A função reduzida dos diversos sistemas fisiológicos determinada pelo envelhecimento biológico combinada com o tabagismo, alcoolismo e desuso (sedentarismo) propicia um estado de "fragilidade", redução da margem de segurança e aumento da susceptibilidade às doenças e incapacidades. Por isso, eventos simples como infecção respiratória podem desencadear conseqüências em vários órgãos e sistemas, elevando a mortalidade ou propiciando manifestações clínicas atípicas, o que dificulta o diagnóstico e agrava o prognóstico.9

As doenças e limitações não são, entretanto, conseqüências inevitáveis do envelhecimento.

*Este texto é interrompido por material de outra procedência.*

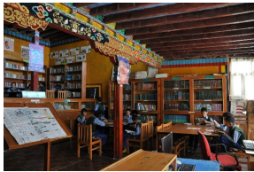
Hard-working students in the library.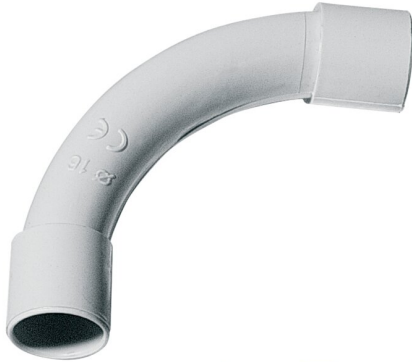
IMMAGINE RAPPRESENTATIVA REPRESENTATIVE IMAGE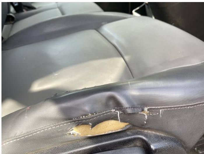
1: Seat Base Cover osf Torn Over 3mm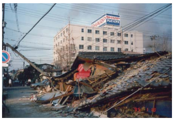
Devastation around the Sharp Kobe Building

Early on the morning of January 17, 1995, a major earthquake struck the southern part of Hyogo Prefecture. It inflicted enormous damage to the northern part of Awaji Island and throughout the Osaka-Kobe area and claimed over 6,400 lives.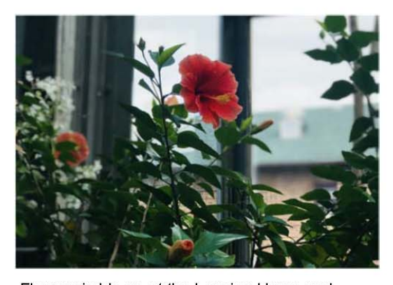
Flowers in bloom at the Lansing Home and Garden Show.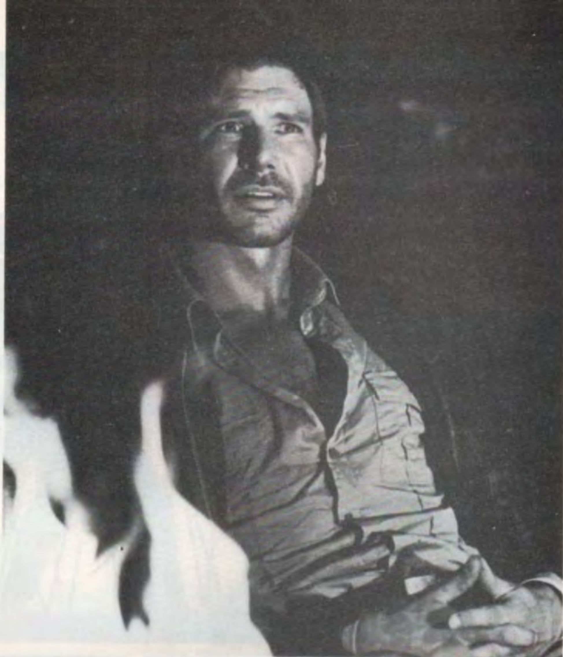
Above: Harrison Ford stars as the daredevil archeologist, looking as astonished as ever, in Indiana Jones and the Temple of Doom . Top right: Sporting the remnants of a shirt, Indy crosses a rickety rope bridge on his quest for the Temple of Doom . Far top right: A quick change of clothes transforms Indy into Dr Jones, Professor of Archeology, but he is still in need of a shave. Far right: Accompanied by nightclub singer Willie Scott and a cute Chinese kid called Short Round, Indy makes his way through an Indian village. Below right: The rugged features of Indiana Jones . Below: A romantic interlude between Indy and Willie Scott (played by the captivating Kate Capshaw).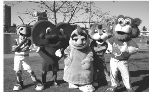
L to R: Super Weevil, Cardia Heart, Boring G. Boring, Nikki Teen, Nutri-Beast.

Health and Safety Resource Table: An informational table that can be stocked with materials about healthy eating, active living, relationship safety, smoking prevention, asthma, self-esteem, positive communication, and more.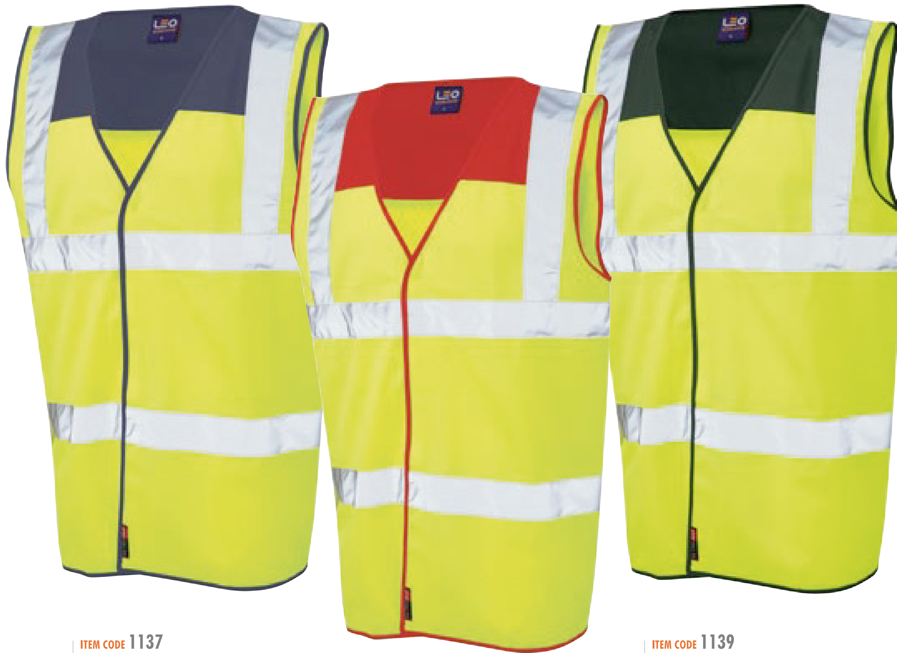
ITEM CODE 1137 COLOUR YELLOW/NAVY YOKE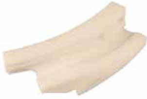
LOWERING CAM - IPT 19 - DELRIN F-27 | OEM: 3136027

Na senelescência, as pessoas adquirem características especiais e podem necessitar de suporte (familiar ou de toda a sociedade) para a cura, reabilitação ou readaptação às atividades funcionais.10 O uso de serviços de saúde preventivos, a eliminação de fatores de risco e a adoção de hábitos adequados de vida são importantes determinantes do envelhecimento saudável.11

 

FATORES QUE INFLUENCIAM O ESTADO NUTRICIONAL EM IDOSOS

A nutrição do idoso é especialmente influenciada por: idade; cognição; dentição; mobilidade; autonomia, inclusive se mora sozinho ou com familiares; capacidade de preparar a própria alimentação; renda própria e de familiares; escolaridade; situação atual e pregressa de saúde, incluindo a presença de co-morbidades. Outras influências dependem do hábito alimentar, das opiniões, atitudes e crenças que marcam e influenciam a infância, a adolescência e que repercutem em adultos e idosos, com promoção de riscos de desvios nutricionais e reflexos sobre o estado de saúde.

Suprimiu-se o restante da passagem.